The present study investigated whether collagen in the epidermal basement membrane (BM) is a target of amino carbonylation and how this affects epidermal cell proliferation and keratinization and stratum corneum barrier function using a three-dimensional (3D) human epidermal BM model. We evaluated 34 types of cosmetic material for their ability to inhibit AGE production. Methylparaben showed the most potent inhibition of AGEs at a concentration that was non-toxic to cultured cells. We investigated the effects of methylparaben on the function of keratinocytes cultured on amino-carbonylated collagen.

2. Materials and Methods

2.1. Materials

Human keratinocyte and culture medium for the 3D human epidermis model (LabCyte EPI-KIT; Japan Tissue Engineering Co., Tokyo, Japan) were purchased from Japan Tissue Engineering (Gamagori, Japan). The HaCaT human keratinocyte cell line was obtained from Cell Lines Service GmbH (Eppelheim, Germany). Glyceraldehyde was from Wako Pure Chemical Industries (Osaka, Japan). p-Hydroxybenzoic acid methyl ester (methylparaben) was from Ueno Fine Chemicals Industry (Osaka, Japan). Native collagen acid solution (IAC-30 Native collagen bovine dermis) was from Koken (Tokyo, Japan). Other reagents used in the experiments were obtained from Wako Pure Chemical Industries (Osaka, Japan).

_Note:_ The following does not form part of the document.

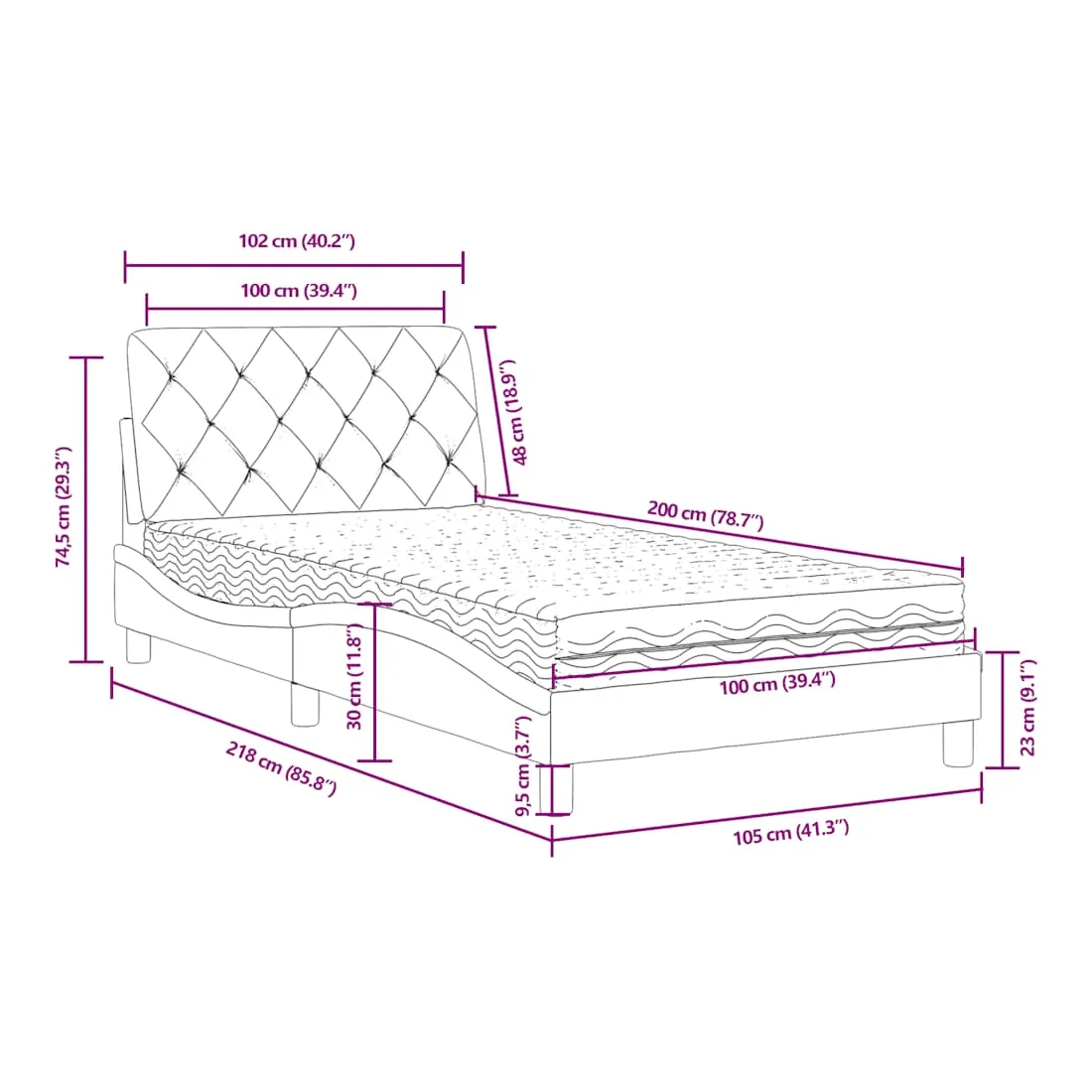 - Dimensions totales : 218 x 105 x 74,5 cm (L x l x H)

2.2. Determination of Effects of Glyceraldehyde on the Relative Fluorescence Intensity Associated with Amino Carbonylation of Epidermal BM

After adding 15 μL of 40 mmol/L or 100 mmol/L glyceraldehyde solution or phosphate-buffered saline (PBS) to 285 μL of a diluted BM extract, 300 μL of the BM extract was added to a 24-well culture plate (Falcon; Thermo Fisher Scientific; Waltham, MA, USA), and was allowed to gel for 30 min at 37 °C in an incubator. The 24-well plate was incubated in a humid chamber for two, four, and six days at 37 °C in the incubator. Relative fluorescence intensity (excitation/emission, 360/460 nm) was measured with a fluorescence microplate reader (Multi-Detection Microplate POWERSAN HT; BioTek, Winooski, VT, USA). Results are expressed as the mean ± standard deviation of three experiments.

2.3. Culture of Epidermal Keratinocytes on Amino-Carbonylated BM

After adding 2.5 μL of 100 mmol/L glyceraldehyde solution or PBS to 47.5 μL of the diluted BM extract, 50 μL of the BM extract was added to a 24-well culture insert (Falcon; Thermo Fisher Scientific; Waltham, MA, USA), and was allowed to gel for 30 min at 37 °C in the incubator. The 24-well plate was incubated in the humid chamber for six days at 37 °C in the incubator. After three washes with PBS, the culture medium for the 3D epidermis was added to the 24-well culture plate and followed by incubation for 24 h. The 3D human epidermis model (LabCyte EPI-KIT) was cultured for 10 days at 37 °C in a CO2 incubator. The relative fluorescence intensity (excitation/emission, 360/460 nm) was measured with the fluorescence microplate reader. ATP measurement reagent (“Cell” ATP Assay reagent; Toyo Ink Co., LTD., Tokyo, Japan) was added, and after 30 min the relative luminescence (RLU/sec) was measured as the amount of ATP. The experiment was carried out with triplicate samples.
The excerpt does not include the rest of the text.